Figure 3.10 shows that coupling the energy balance does not alter the existence of distinct minima. As in Figure 3.2, there are distinct minima for \(V_{cmax}\) and \(g_{s}\). \(J_{max}\) also has a minima but due to its little influence on the carbon costs, the optimization algorithm cannot find that minima and tends to predict too high values for \(J_{max}\).

Code
# Get reference dataframe
n_steps <- 50
df_base_cc <- tibble(.rows = n_steps)

df_base_cc$vcmax      <- rep(vcmax, n_steps)
df_base_cc$jmax       <- rep(jmax, n_steps)
df_base_cc$gs         <- rep(gs, n_steps)
df_base_cc$cost_total <- rep(NA, n_steps)
df_base_cc$cost_vcmax <- rep(NA, n_steps)
df_base_cc$cost_jmax  <- rep(NA, n_steps)
df_base_cc$cost_gs    <- rep(NA, n_steps)

df_cc <- tibble()

# Calculate carbon costs
loop_carbon_costs <- function(df_in, var) {
  
  for (i in 1:nrow(df_in)) {
    
    output <- 
      calculate_traits_and_costs(
        par = c(df_in$vcmax[i],
                df_in$jmax[i],
                df_in$gs[i]),
        tc_air = tc_air,
        vpd_air = vpd_air,
        ppfd = ppfd,
        co2 = co2,
        patm = patm,
        kphio = kphio,
        include_energy_balance = TRUE,
        return_all = TRUE,
        units_out_per_second = TRUE
      )
      
      df_in$cost_total[i] <- output$carbon_costs
      df_in$cost_vcmax[i] <- output$cost_vcmax
      df_in$cost_jmax[i]  <- output$cost_jmax
      df_in$cost_gs[i]    <- output$cost_transp
      
  }
  
  df_out <- 
    df_in |> 
    select(starts_with("cost"), !!var) |> 
    # pivot_longer(
    #   cols = starts_with("cost"),
    #   names_to = "cost_name",
    #   values_to = "cost_value") |> 
    pivot_longer(
      cols = !!var,
      names_to = "var",
      values_to = "val")
  
  return(df_out)               
}

## Run function
# Vcmax
df_tmp <- df_base_cc
df_tmp$vcmax <- seq(vcmax/10, vcmax*10, length.out = n_steps)

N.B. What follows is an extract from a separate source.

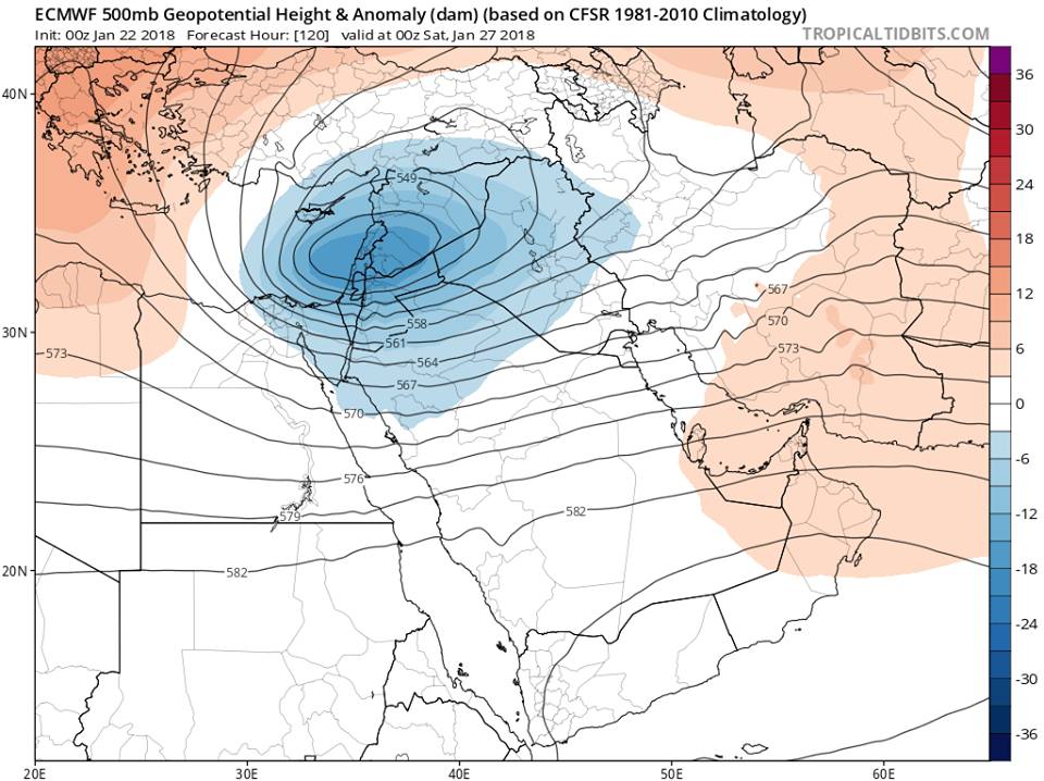 ونشر المنبئ الجوي خارطة توضح المنخفض القطبي في طبقات الجو العليا متمركز على بلاد الشام يوم السبت المقبل.

df_tmp  <- loop_carbon_costs(df_tmp, "vcmax")
df_cc   <- rbind(df_cc, df_tmp)

# Jmax
df_tmp <- df_base_cc
df_tmp$jmax <- seq(jmax/10, jmax*10, length.out = n_steps)

df_tmp  <- loop_carbon_costs(df_tmp, "jmax")
df_cc   <- rbind(df_cc, df_tmp)

# gs
df_tmp <- df_base_cc
df_tmp$gs <- seq(gs/10, gs*10, length.out = n_steps)

df_tmp  <- loop_carbon_costs(df_tmp, "gs")
df_cc   <- rbind(df_cc, df_tmp)

## Plot it
df_cc |> 
  ggplot() +
  aes(x = val*1e6, y = cost_total) +
  geom_line() +
  geom_point() +
  facet_wrap(~var, scales = "free_x") +
  labs(title = "Sensitivity of Carbon Costs (with energy balance)",
       x = "Trait value [mu mol/m^2/s]",
       y = "Relative Carbon Costs") +
  theme_classic()

Figure 3.10: Sensitivity of the carbon costs defined in Equation 2.10 to changes in \(V_{cmax}\), \(J_{cmax}\), and \(g_{s}\) when energy balance is coupled.
Code
df_cc |> 
  ggplot() +
  aes(x = val*1e6, y = cost_total) +
  geom_line() +
  geom_point() +
  facet_wrap(~var, scales = "free_x") +
  labs(title = "Sensitivity of Carbon Costs (with energy balance)",
       x = "Trait value [mu mol/m^2/s]",
       y = "Relative Carbon Costs") +
  theme_classic() +
  ylim(750, 900)

Figure 3.11: Sensitivity of the carbon costs defined in Equation 2.10 to changes in \(V_{cmax}\), \(J_{cmax}\), and \(g_{s}\) when energy balance is coupled. Same plot as Figure 3.10 but zoomed in to show minor increase in costs with increasing \(J_{cmax}\).